# Hello from Minnesota....new guy



## ilovetohunt (Mar 10, 2010)

I have heard many people talk about this wonderful world of archery talk and I am glad I am finally in.....wow what a world of information. The thing that worries me the most is the time it takes to read all this stuff. Is there anyway to simplify doing a search in the Forum? I am looking for some input on how light of arrows I can shoot without damaging my bow or making it noisy. I have heard the 5 grains to every pound rule, but I am starting to hear that some bows, such as PSE, are designed to shoot lighter than that. Is that true? I would like to get my arrows to shoot flatter but don't want to give up noise and the chance I could wreck my bow. On my old Bowtech I was shooting 70lbs and 357 grain arrow, with some noise so I ended up going to about 390 grains. Today I am shooting a Mathews, 70lbs and 407 grain arrow, same arrows just longer...found out I can shoot 30" draw without any clearance problems. I know shooting a heavier arrow gives you more knetic energy, which I will need for Elk, but I will be mainly chasing whitetails around the states. Any good advice on arrow weights and noise for the new toy would be great. Thanks......and shoot straight...


----------



## Shinsou (Aug 7, 2008)

:welcome:

:izza:


----------



## Tim Roberts (Jul 13, 2002)

:wav: :yo: *G'day.*







to *Archery Talk* ilovetohunt.
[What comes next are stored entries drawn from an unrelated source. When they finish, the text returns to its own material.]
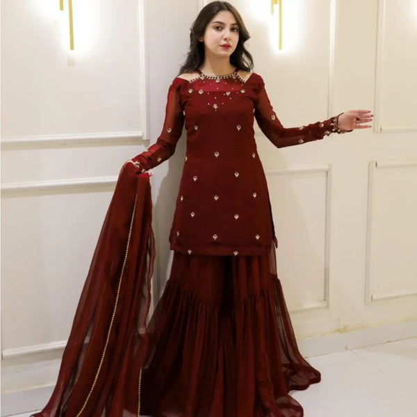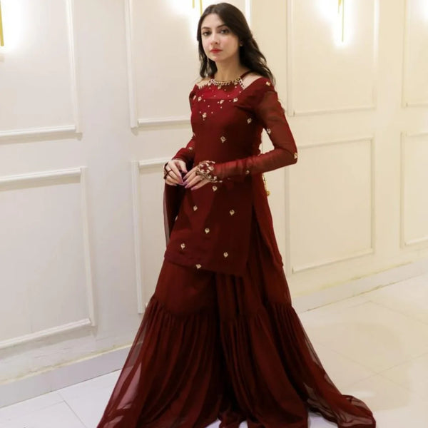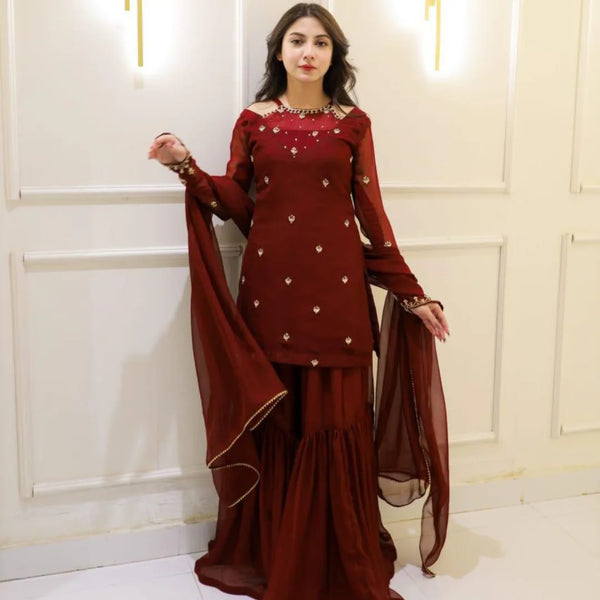 3 pec chiffon Dress with handmade work is a perfect blend of elegance and craftsmanship. Made from lightweight and flowy chiffon fabric, this outfit offers a graceful and luxurious look. The suit is beautifully enhanced with delicate handmade embroidery, featuring intricate thread work, beads, sequins, or stones, carefully crafted by skilled artisans.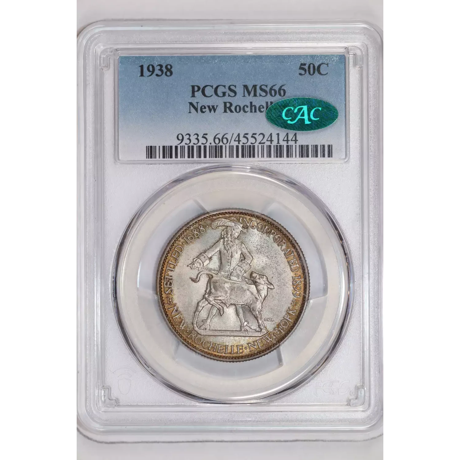 1938 NEW ROCHELLE SILVER COMMEMORATIVE HALF DOLLAR PCGS MS66 - PQ NICE TONING! CAC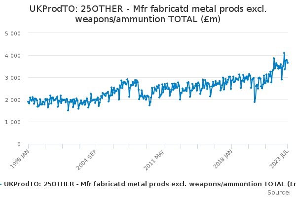 Download this time seriesUKProdTO: 25OTHER - Mfr fabricatd metal prods excl. weapons/ammuntion TOTAL (£m)
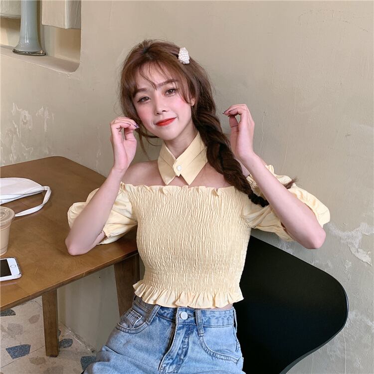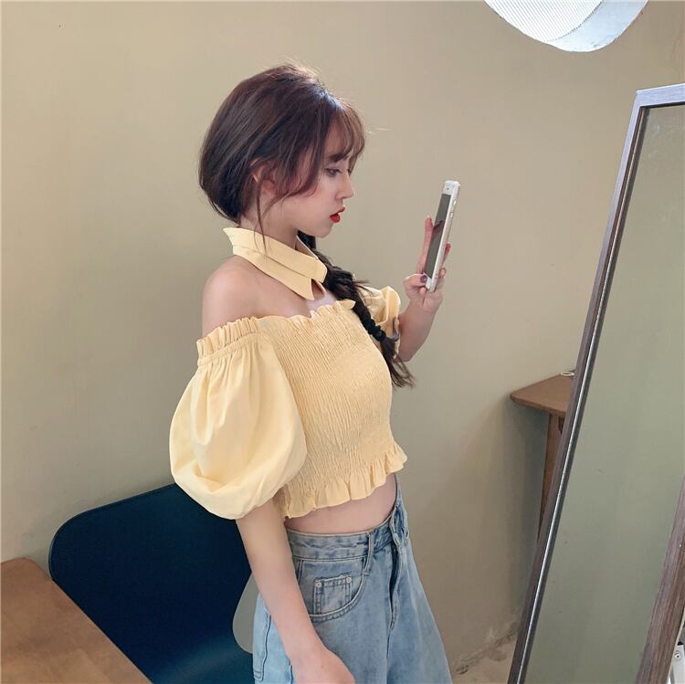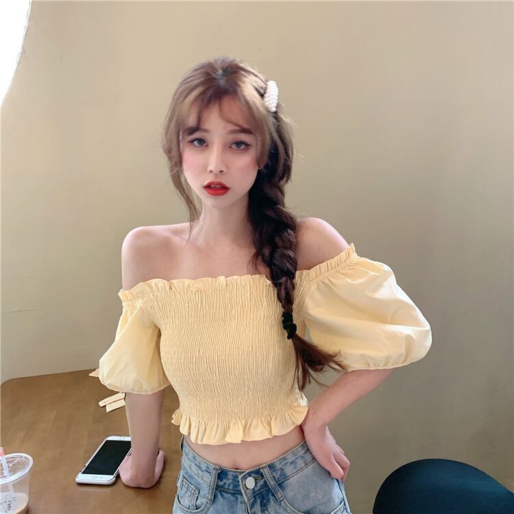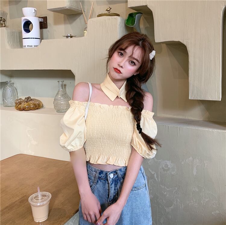 センスニッチシャツレディース2020夏新バージョンのセクシーなワンラインカラーオフショルダーパフスリーブホワイトトップ 1号婦人68925802217

Have fun here.


----------



## buckchaser86 (Jun 10, 2009)

Welcome to AT!!   Post your question regarding weight etc in the forums and people will give you a quick answer.


----------



## Dthbyhoyt (Dec 4, 2004)

:welcome: 2 ArcheryTalk


----------



## joelpresmyk8 (Jan 21, 2010)

welcome!!!!!


----------



## bucksnortinted (Aug 24, 2006)

:welcome: To ArcheryTalk :thumbs_up


----------



## rycountryboy (Feb 21, 2008)

:welcome: to AT


----------



## BWiz (Dec 15, 2008)

:welcomesign: to AT!!


----------



## wicked1Joe (May 19, 2009)

:wav:
Welcome to AT


----------